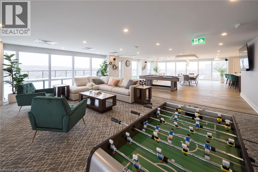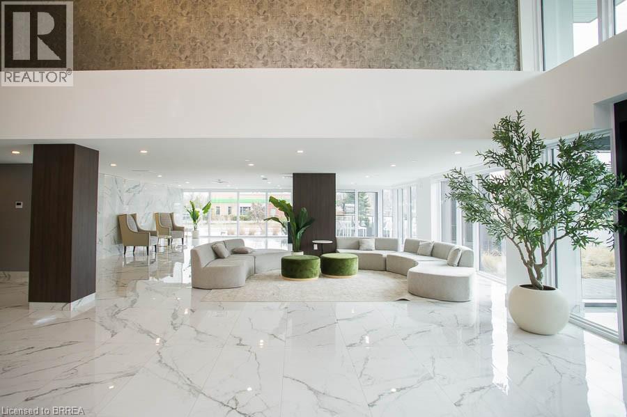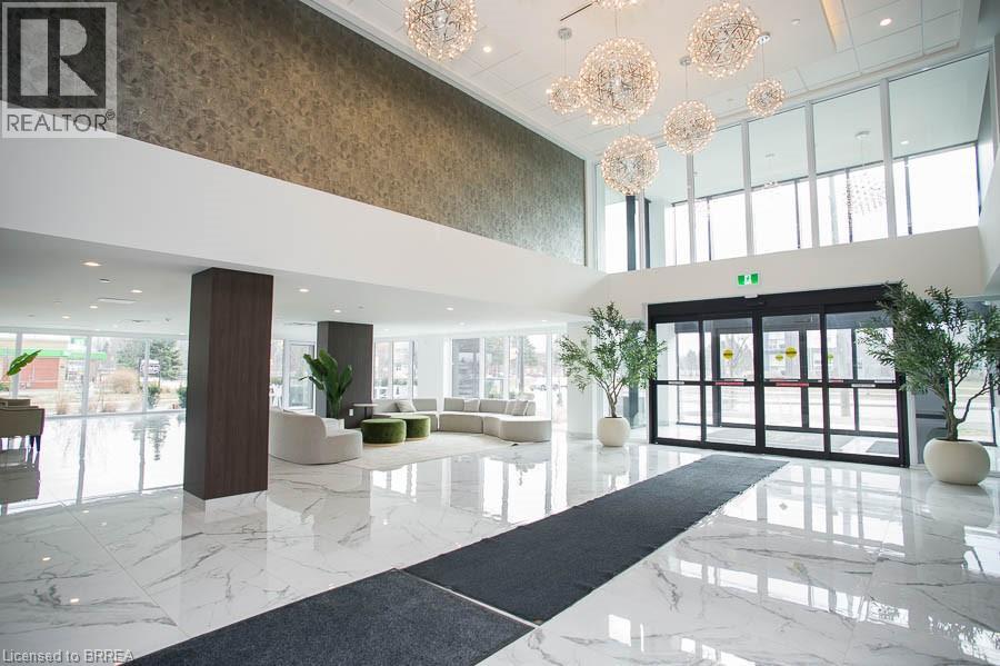 Welcome to The Ambrose Condos - an exceptional residence that seamlessly blends luxury, modern design, and effortless living. Ideal for first-time buyers, professionals, and those seeking to downsize without compromise, each thoughtfully designed suite supports a low-maintenance lifestyle tailored to today’s busy schedules. Showcasing striking architecture, this is the first design of its kind in the West Brant community, delivering both sophistication and convenience. The meticulously designed foyer sets the tone, offering a refined and contemporary welcome that leaves a lasting impression on residents and guests alike from its porcelain tile floors, modern lighting and comfortable but sophisticated conversation areas. Residents enjoy an outstanding selection of amenities that set a new standard for condominium living in Brantford. A fully equipped fitness centre, outdoor track, and dedicated yoga studio provide convenient wellness options, while the elegant party room with beautiful views is perfectly suited for hosting larger gatherings. Each suite is appointed with premium finishes, including luxury vinyl plank flooring, quartz countertops in both kitchens and bathrooms, private outdoor terraces for seasonal enjoyment, and the convenience of in-suite laundry. Additional features such as covered parking and secure storage lockers further enhance everyday ease and functionality. The Ambrose Condos offer a superior blend of quality craftsmanship, elevated style, and lifestyle-focused amenities. This is a truly exceptional living experience. (id:64974)
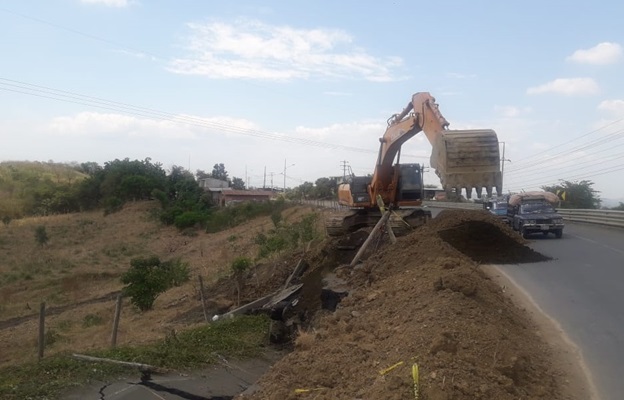 El Ministerio de Transporte y Obras Públicas (MTOP) trabaja en la recuperación del km 1 de la carretera Pitahaya – Tosagua, afectada por una falla geológica, que originó el colapso de la mesa de la vía. La vía es intervenida por administración directa.
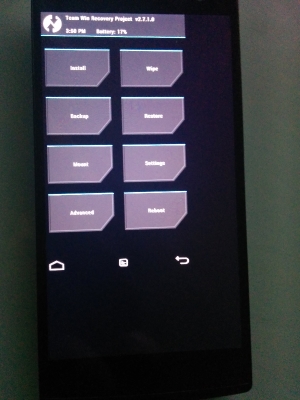 9. Как только процесс завершится, отключите телефон от компьютера, зажмите кнопки: "звук вниз" + "питание", как только вы почувствуете вибрацию кнопки можно отпустить. Вы попадёте в рекавери:
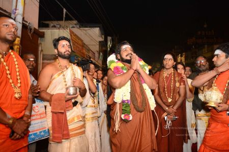 Bhagavan Sri Nithyananda Paramashivam took part in the Panchamurti Procession of the Annamalaiyar Temple in Thiruvannamalai and then proceeded to perform Girivalam - a walk around the sacred hill of Arunachala.

### [Try it]
Repeat the whole listing above word for word, but keep any picture out of it.

### [Solution]
 Welcome to The Ambrose Condos - an exceptional residence that seamlessly blends luxury, modern design, and effortless living. Ideal for first-time buyers, professionals, and those seeking to downsize without compromise, each thoughtfully designed suite supports a low-maintenance lifestyle tailored to today’s busy schedules. Showcasing striking architecture, this is the first design of its kind in the West Brant community, delivering both sophistication and convenience. The meticulously designed foyer sets the tone, offering a refined and contemporary welcome that leaves a lasting impression on residents and guests alike from its porcelain tile floors, modern lighting and comfortable but sophisticated conversation areas. Residents enjoy an outstanding selection of amenities that set a new standard for condominium living in Brantford. A fully equipped fitness centre, outdoor track, and dedicated yoga studio provide convenient wellness options, while the elegant party room with beautiful views is perfectly suited for hosting larger gatherings. Each suite is appointed with premium finishes, including luxury vinyl plank flooring, quartz countertops in both kitchens and bathrooms, private outdoor terraces for seasonal enjoyment, and the convenience of in-suite laundry. Additional features such as covered parking and secure storage lockers further enhance everyday ease and functionality. The Ambrose Condos offer a superior blend of quality craftsmanship, elevated style, and lifestyle-focused amenities. This is a truly exceptional living experience. (id:64974)
 El Ministerio de Transporte y Obras Públicas (MTOP) trabaja en la recuperación del km 1 de la carretera Pitahaya – Tosagua, afectada por una falla geológica, que originó el colapso de la mesa de la vía. La vía es intervenida por administración directa.
 9. Как только процесс завершится, отключите телефон от компьютера, зажмите кнопки: "звук вниз" + "питание", как только вы почувствуете вибрацию кнопки можно отпустить. Вы попадёте в рекавери:
 Bhagavan Sri Nithyananda Paramashivam took part in the Panchamurti Procession of the Annamalaiyar Temple in Thiruvannamalai and then proceeded to perform Girivalam - a walk around the sacred hill of Arunachala.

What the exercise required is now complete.